Welcome to the forum Jon.

I have moved your post to another section of the forum..


----------



## Stick486 (Jan 4, 2013)

jbowden3330 said:


> Hello everyone. Newbie here. Jon Bowden.
> I was wondering if anyone had a plan to build a stand to do fluting on my lathe spindles with my router.
> 
> Jet 1642 EVS PRO
> Porter Cable 690LR


let's narrow this down some if we can....

do you wish to do reeding also???
spirals???
you going to leave the piece on the lathe???
what size are we talkin' here??? (dia and length)
does your lathe have indexing???

flutes are concave grooves cut along the length of an object.... Reeds are cut similarly but their profile is convex...

http://www.scrollsaws.com/WoodLathe/router_jig.htm


----------



## Stick486 (Jan 4, 2013)

jbowden3330 said:


> Hello everyone.
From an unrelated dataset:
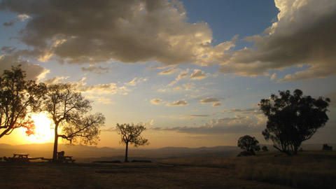 Wir nahmen ein erfrischendes Bad im Namoi River in Manilla und kochten unser Abendessen zeitig. Dann fuhren wir zum Startplatz für den Sonnenuntergang. – Währen dem Nachmittag bildeten sich gegen Osten riesige Gewitterzellen und so war das Spektakel mit Blitzen, Sonnenuntergang und Känguruhs am Abend eine grossartige Szenerie für Fotos. Während unserer Fotosession mussten wir auch einmal kurzzeitig ins Auto flüchten weil wir dachten, eine der Gewitterwolken kommt auf uns zu. Dem war aber nicht so und wir konnten dann das Spektakel bis zum Eindunkeln geniessen.
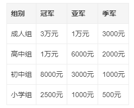 附加奖励:各组4-6名颁发奖品,所有参赛者获证书

Newbie here. Jon Bowden.
> I was wondering if anyone had a plan to build a stand to do fluting on my lathe spindles with my router.
> 
> Jet 1642 EVS PRO
> Porter Cable 690LR


some more that might help...


----------



## old55 (Aug 11, 2013)

Welcome to the forum Jon.


----------



## harrysin (Jan 15, 2007)

Here are a few shots of one that I started but changed lathes before it was completed and it doesn't fit my new lathe. The router is a Dremel in it's plunge base.


----------



## harrysin (Jan 15, 2007)

I omitted to say that an indexing system is necessary on the lathe. My mini lathe didn't have one so I made the one shown in this pdf.


----------



## jbowden3330 (Jan 2, 2015)

*Support!!!*

Wow, Thanks everyone! I am building it for my new Grizzly g0766 lathe (not recieved in shipment yet). This is the new 22" swing by 42" gap 3 hp lathe they offer. Most of what I will be working on will be 6" or less. Could be up to 40" or so. I would love to do spiral cuts eventually. That is a little above my skill level at the present.


----------



## jbowden3330 (Jan 2, 2015)

OH and the lathe has indexing


----------